Re: make check(s) pre-release problems
On Wed, 2022-10-05 at 05:27 +0200, Jan Engelhardt wrote: > > So what the heck?[...] >These always worked before. But now, Jim > > gets hundreds of failures with the first > > Make was in the news recently, maybe that's the component to > switch out for an earlier version? > > 7ad2593b Support implementing the jobserver using named pipes What version of GNU make are you using? There has been no new release of GNU make (yet). If you're running a prerelease version of GNU make, you might consider trying it with the last official release (4.3) to see if it helps. Certainly if something is failing with the GNU make prerelease that would be good to know, however.

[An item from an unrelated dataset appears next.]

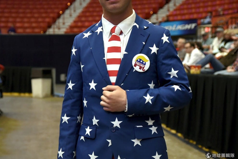 美國共和黨總統候選人川普(Donald Trump)的支持者戴著紅白相間的領帶,穿著藍底白星的外套,他胸前的別針俏皮地將共和黨的大象標誌加上了川普的招牌金髮,創意滿分。
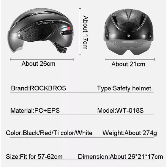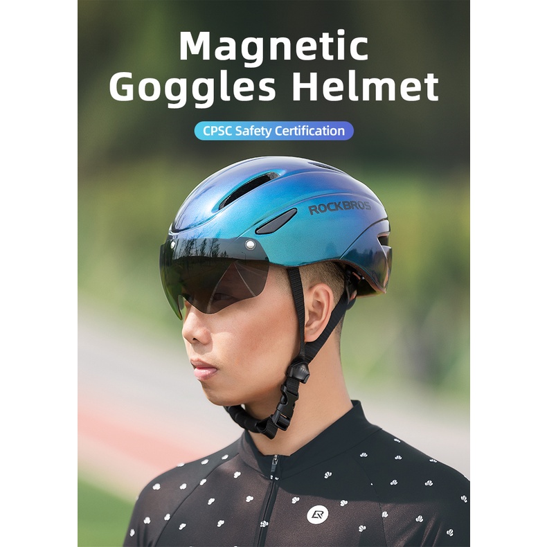 ROCKBROS Capacete De Bicicleta Com Óculos MTB De Estrada EPS Ciclismo Solado Integralmente 57-62CM

Re: make check(s) pre-release problems
On Wednesday 2022-10-05 00:58, Karl Berry wrote: > >Nothing has changed in the tests. Nothing has changed in the automake >infrastructure. Everything worked for me a few weeks ago. Furthermore, >Jim ran make check with much more parallelism than my machine can >muster, and everything succeeded for him. That was with: > make check TESTSUITEFLAGS=-j20 > >So what the heck?[...] >These always worked before. But now, Jim gets hundreds >of failures with >the first Make was in the news recently, maybe that's the component to switch out for an earlier version? 7ad2593b Support implementing the jobserver using named pipes
make check(s) pre-release problems
With Zack's latest Python fixes, I was hoping to move towards an Automake release, but I find myself stymied by apparently random and unreproducible test failures. I haven't exhausted every conceivable avenue yet, but I thought I would write in hopes that others (Zack, past Automake developers, anyone else ...) could give it a try, and/or have some insights. For me, running a parallel make check (with or without parallelizing the "internal" makes), or make distcheck, fails some tests, e.g., nodef, nodef2, testsuite-summary-reference-log. The exact tests that fail changes from run to run. Running the tests on their own succeeds. Ok, so it's something in the parallelism. But why? And how to debug? Nothing has changed in the tests. Nothing has changed in the automake infrastructure. Everything worked for me a few weeks ago. Furthermore, Jim ran make check with much more parallelism than my machine can muster, and everything succeeded for him. That was with: make check TESTSUITEFLAGS=-j20 So what the heck? Perhaps easier to debug: there are two targets to be run before making a release, check-no-trailing-backslash-in-recipes and check-cc-no-c-o, to try to ensure no reversion wrt these features. A special shell and compiler are configured, respectively (shell scripts that check the behavior). These always worked before. But now, Jim gets hundreds of failures with the first (didn't have time to try the second). I get a couple, with both, instead of hundreds. Again the failing tests vary. In this case, they fail for me even without parallelism. So what the heck x 2? Any ideas, directions, fixes, greatly appreciated. --thanks, karl.